Been in automation a long time. Have personally witnessed the primary task of a worker being replaced by a bin.

We should encourage anything that gets rid of mindless tasks and dehumanizes workers

And they should do what instead to put food on the table?

Find other work? I apologize the rest of the human race doesn't want to subsidize your lifestyle of thinking as little as possible.

What other work? Do jobs just appear out of the ether for people with delivery experience on their resume?

Truck driver? You know the most common job in the US. Do the people who you are advocating for know you have so little respect for their intelligence that you think they literally can do nothing else except drive a van around? I would be pretty insulted if someone was saying that my limitations were my current job.

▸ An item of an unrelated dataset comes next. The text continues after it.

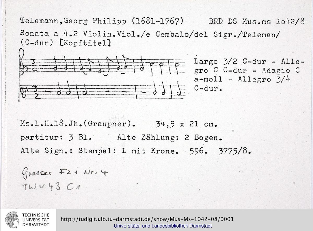 | Opus/Catalogue NumberOp./Cat. No. | TWV 43:C1 |

You need a different license to drive a big rig truck than you do a package delivery truck. They would have to be retrained. Amazon sure won't pay for that. Who will?

And do you think trucking wouldn't also get automated?

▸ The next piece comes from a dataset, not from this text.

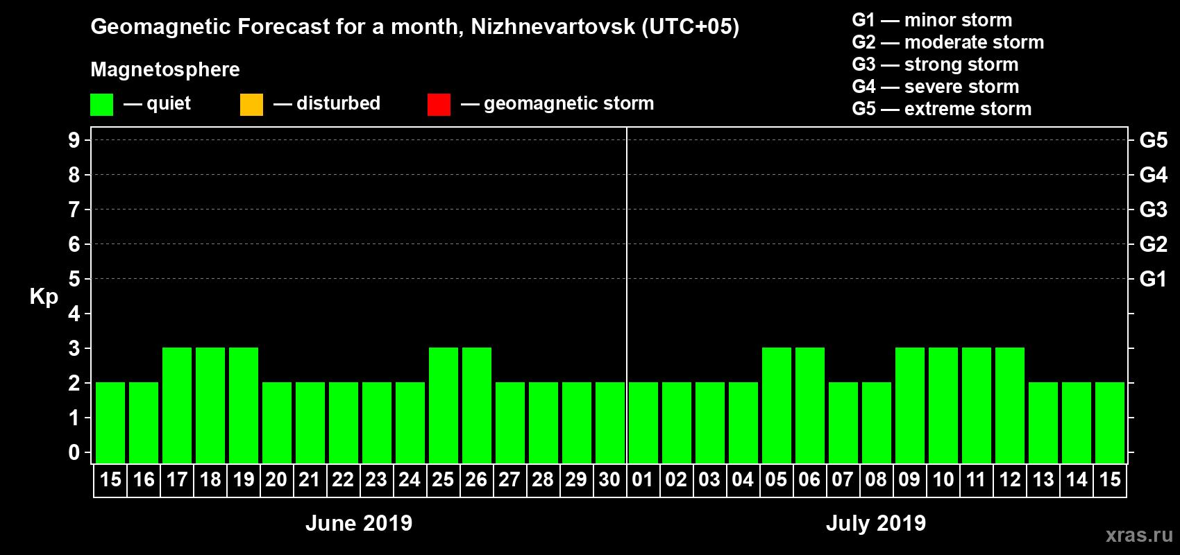Geomagnetic storm forecast in Nizhnevartovsk for Jun 15, 2019

Yeah so you will need to to take a class for a few days. So so burdensome. You can get an employer to sponsor the few hundred dollars or put it on credit. It isn't a lot of money you are talking about here.

Trucking could be automated one day but not tomorrow.

Just a fyi, people like it when you answer questions they ask instead of whining. I asked you a question and I noticed you didn't answer it. You will observe that I have answered all of your questions.

It takes more than a few days to get trained to get a CDL license. What a silly thing to say.

I also must have missed your question, but since you've insulted me by saying I'm "whining," I'm certainly not inclined to answer it now.

UBI comes to mind.

Maybe we should implement that first and fire all the delivery people second? But as long as Amazon saves money, that's the important thing.